Bill: It’s easy to tell. You’ll know by the way that horse is responding, by his looks and everything about his whole appearance. If he doesn’t go where you want him to go, or if you see that his feet are moving when you want him to stand still, then he’s not feeling of you. When he stops feeling of you, it’s liable to be because you’re presenting the feel to him in a way that he doesn’t understand. If that happens, then you better go along with him.
If you travel with a horse and then allow him to join you, then he can learn to feel of you as you both travel around together, and we might call it traveling the long way around. We’d call it that because the shortcut way might not fit [Pp. 322-323] the horse you’re working with. It won’t fit most of them, anyway.

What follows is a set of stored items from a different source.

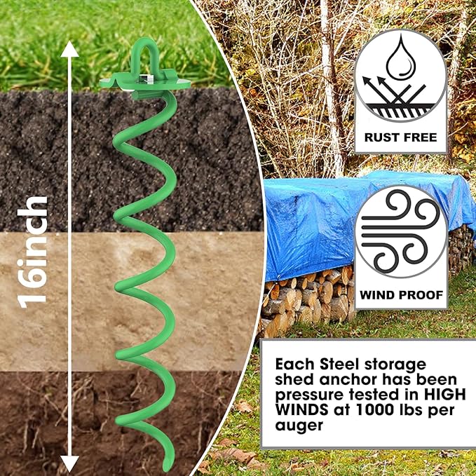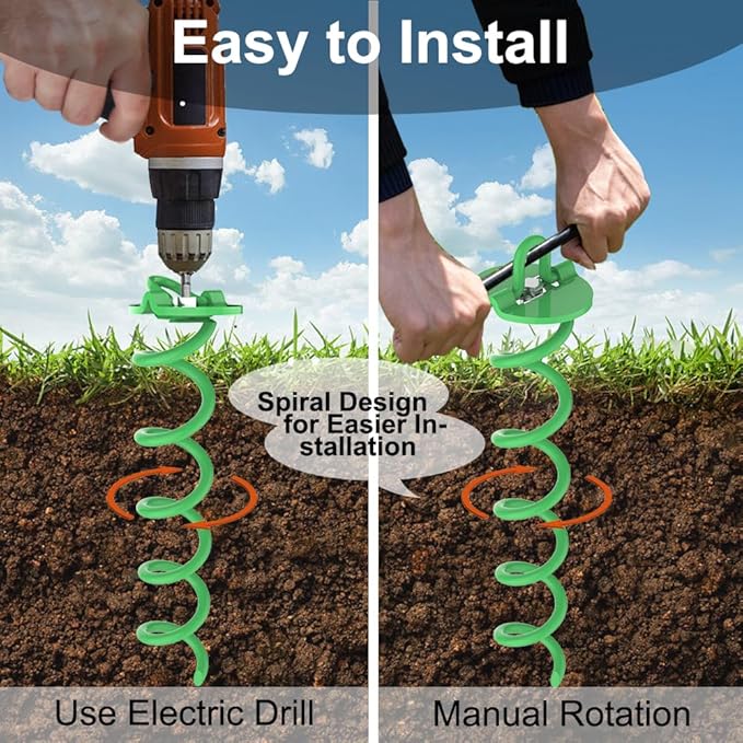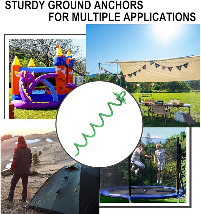 Eurmax USA 4-Pc Pack Spiral Stakes Heavy Duty Anchor Kit Ice Screw Anchor for Trampoline, Tents, tarps, Canopies,car Ports,Dog tie Out and etc Bonus Tie Down Straps 4-Pc Pack (Green)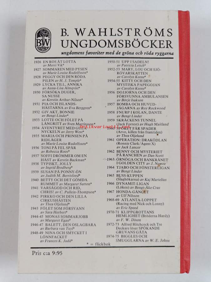 Muu(t) tekijä(t): Jenny BertheliusSarja: B. Wahlströms ungdomsböcker 1954-1955Alkuteos: The double jinx mystery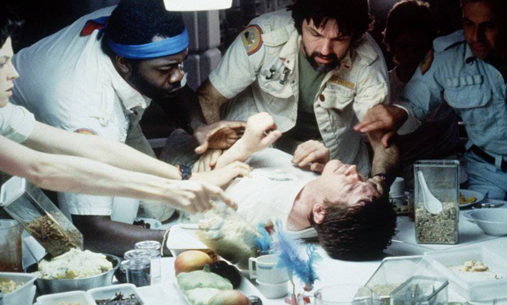영화는 화물선 노스트로모호가 지구로 돌아가던 중 의문의 SOS 신호를 받아 한 외딴 행성에 착륙하면서 시작된다. 선원들은 신호의 근원지를 탐사하던 중, 알 수 없는 생명체의 알을 발견하게 된다. 이때, 선원 중 한 명인 **케인(존 허트)**이 알에서 튀어나온 생명체에게 공격을 당하고, 그 생명체가 그의 몸 안에 기생하게 된다. 선원들은 케인을 치료하려 하지만, 그의 몸에서 에이리언이 폭력적으로 튀어나오며 본격적인 공포가 시작된다.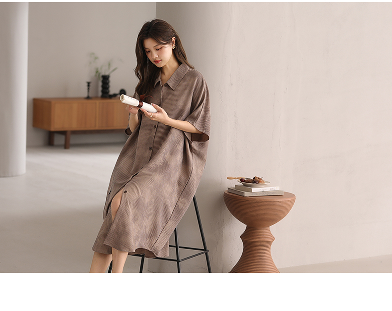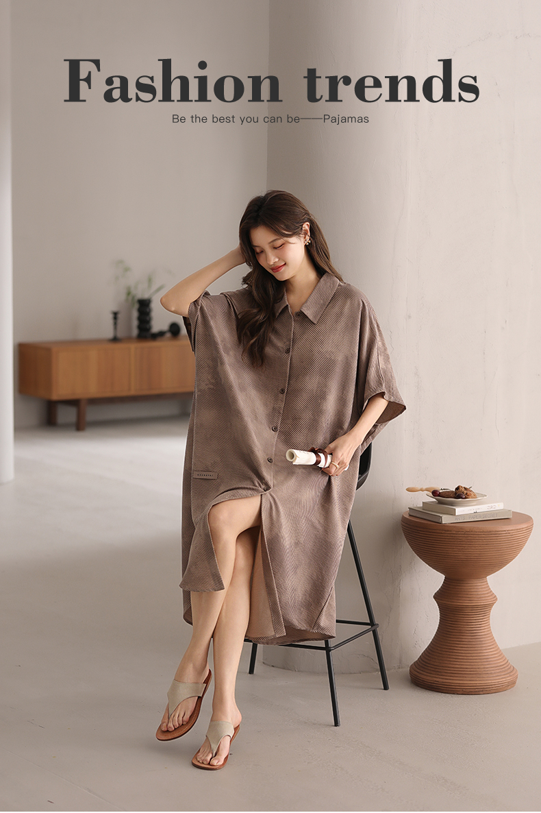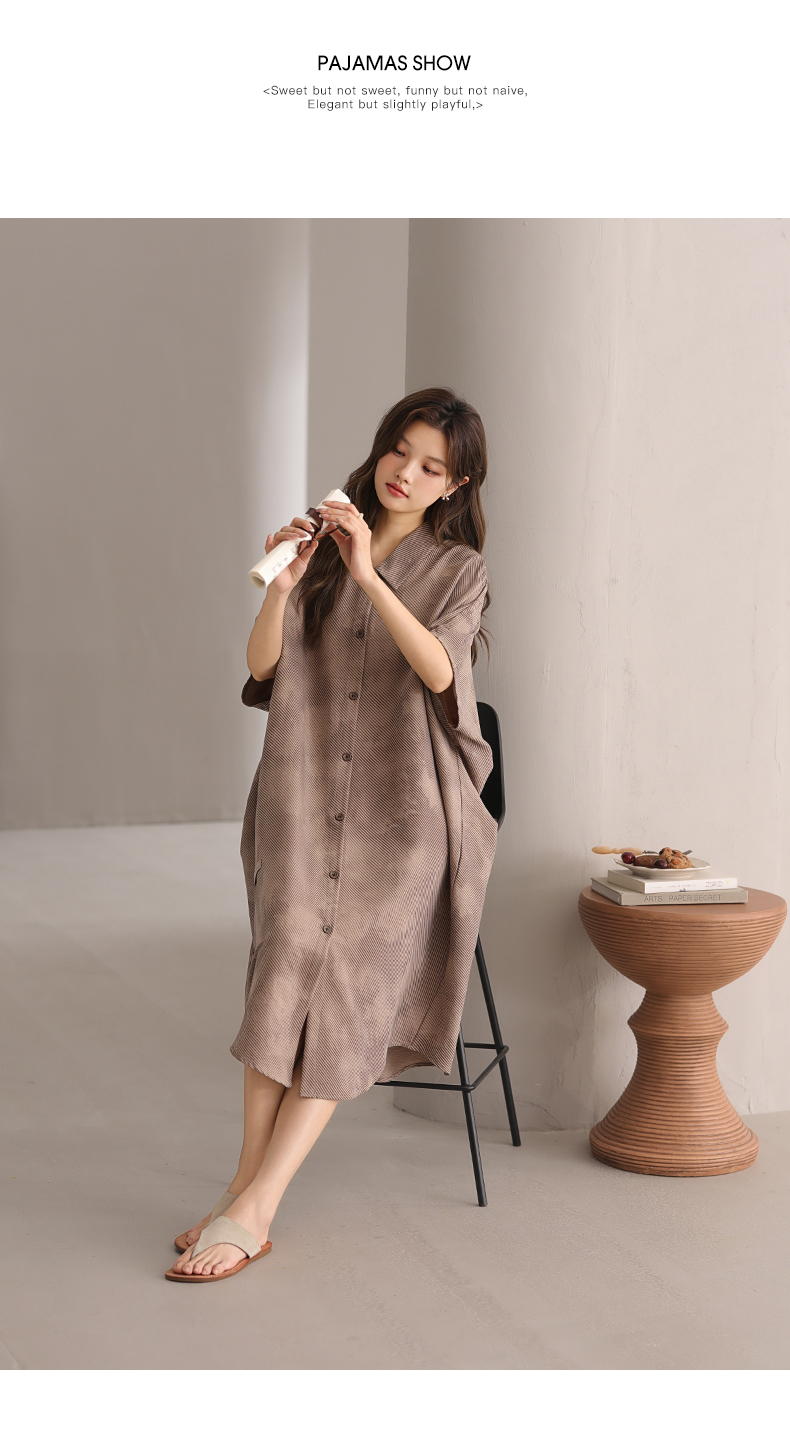 可人儿小众设计师新款泡泡绵女士睡衣夏短袖少女睡裙可外穿家居服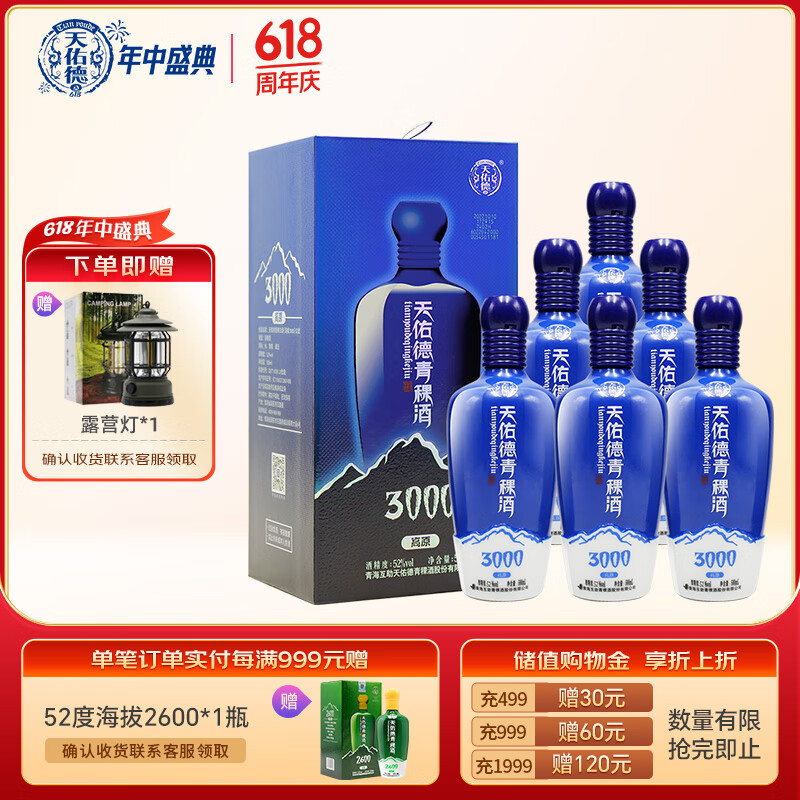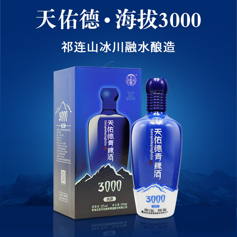 天佑德 海拔3000 清香型白酒 52度 500ml*6瓶 整箱装【青海青稞酒】价格:788.00元!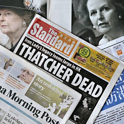 After her death at the age of 87, WHYS asks what personal impact Mrs Thatcher had on people around the world. (Image: Hong Kong newspapers pictured with images of late former British prime minister Margaret Thatcher. Credit: PHILIPPE LOPEZ/AFP/Getty Images)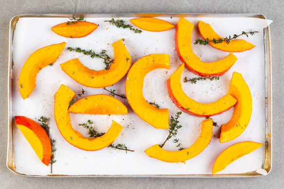 Den Ofen auf 220°C Umluft (240°C Ober-/Unterhitze) vorheizen. Den Kürbis halbieren, entkernen, in 2cm dicke Scheiben schneiden und auf einem mit Backpapier ausgelegten Blech mit dem Thymian, 1EL Olivenöl und je 1 kräftigen Prise Salz und Pfeffer vermengen, ggf. ein weiteres Blech verwenden. Im Ofen 20–25Min. rösten, bis der Kürbis goldbraun und gar ist, nach der Hälfte der Zeit wenden.

There’s really no telling how long it might take to get things straightened out if a fella ran into trouble spots trying to go straight at something above where that horse could understand. Where it concerns a horse, just about anything could happen. But when a person goes along with the horse, that’s how a horse will get ready to go along with the person.
Naturally, he’ll want you to get with him and do what he thinks he should do, but if he’s wanting to take over, that doesn’t fit a person very well, and that’s the thing I guard against all the time. I give that horse a feel that says, “stay with my feel.” It’s not a harsh feel. I like to do just as little as I possibly can, and always be thinking ahead to a spot in the future, but not too far away in the future — because on the spur of the moment, I may need a spot where that horse can have the room he needs to maneuver, so he has a better chance to stay with my feel. As soon as he learns to get with your feel, he’ll be under your control. If you haven’t had an opportunity to learn this, then you’d continue to think you have to make the horse do something, instead of helping him do it. Before that can come through, he has to be reassured that he can find what you want without being forced.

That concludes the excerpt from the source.